September 5, 1942 : In the morning attended a special action from the women's concentration camp; the most dreadful of horrors. Obersturmführer Heinz Thilo was right when he said to me that this is the anus mundi. In the evening towards 8:00 attended another special action from Holland [sic]. Because of the special rations they get a fifth of a liter of schnapps, 5 cigarettes, 100 g salami and bread, the men all clamor to take part in such actions. Today and tomorrow (Sunday) work.

==Trial and conviction==
After the war, Kremer was arrested by British troops and sent to an internment camp in Neuengamme. He was later extradited to Poland. Kremer was tried in the Auschwitz trials at the sitting of the Supreme Court National Tribune in Kraków throughout November and December 1947. Based on the contents of his diary and his own confessions, Kremer participated in fourteen gassings as well as multiple public executions and special actions, also known as gassings. During his testimony, he described the process by which he selected his victims, the process of gaining the necessary information for his research, and he states that:

After I had been given this information a medical orderly would come and kill the patient with an injection in the heart area. To my knowledge all these patients were killed with phenol injections. The patient died immediately after being given such an injection. I myself never administered fatal injections.

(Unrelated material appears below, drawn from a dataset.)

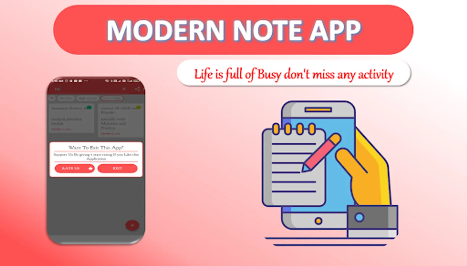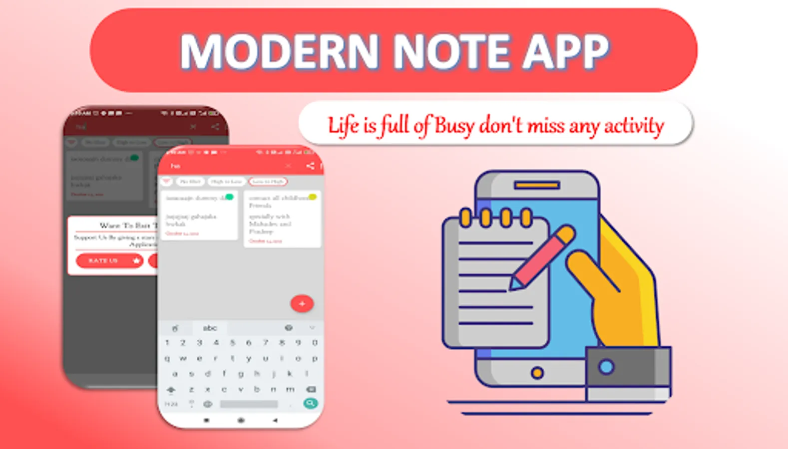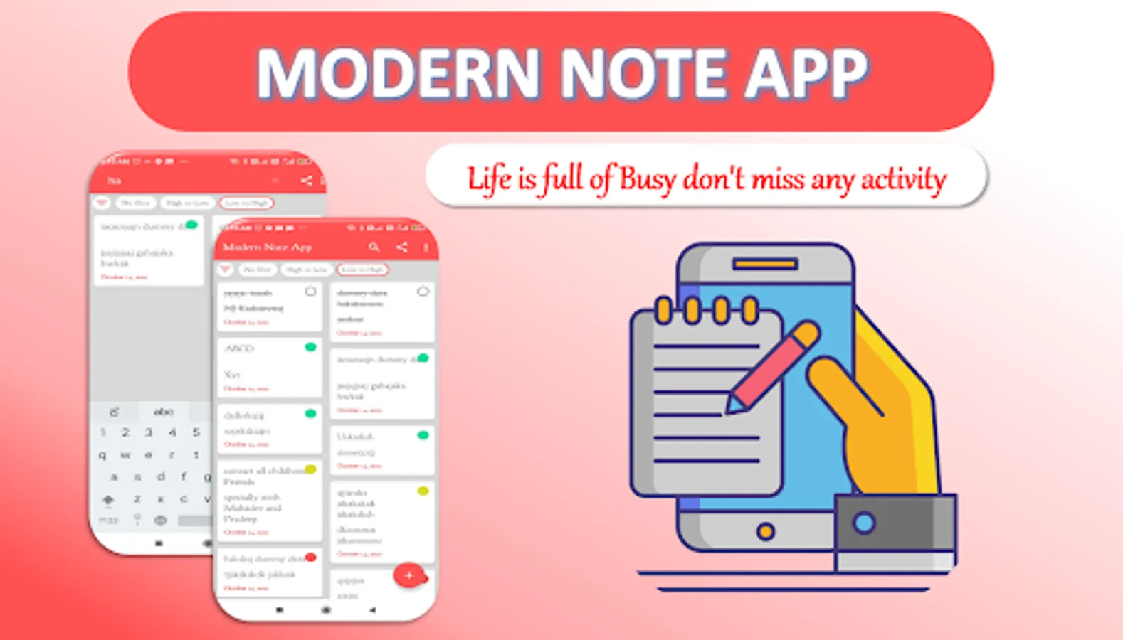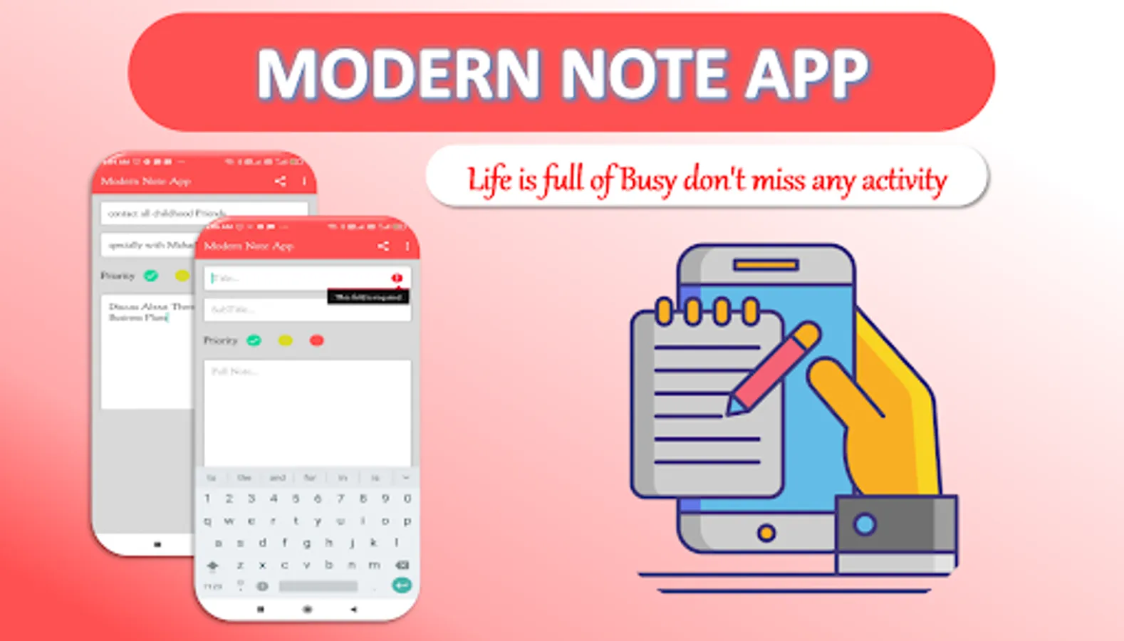 As Name indicates this is the modern Note taking app, in this you can easily Create Notes, Edit Notes, Delete Notes and You Can set Priority also like green Priority, yellow priority or red Priority and more amazing priority option is available in this app that’s No priority.

Kremer was sentenced to death. In his clemency petition, Kremer claimed that he was asking for mercy not for his own sake, but for the sake of his research results which he claimed were ready for the public. These results, Kremer claimed, included "the building of gallstones in insects, inflammations, the problem of cancer and, finally, a satisfying answer to the question of inheritance of acquired characteristics." Kremer's petition was successful and his death sentence was commuted to life imprisonment by President Bolesław Bierut. Kremer was released from prison on 11 January 1958. After his return to Germany, Kremer was charged with murder by West German officials. On 29 November 1960, he was found guilty of two counts of being an accessory to murder and was sentenced to 10 years in prison. However, the court credited Kremer for the time he had served in Poland and allowed him to walk free. He was stripped of his civil rights for five years, and was later stripped of all of his medical titles. Kremer went on to testify in the Frankfurt Auschwitz trials. He died in 1965.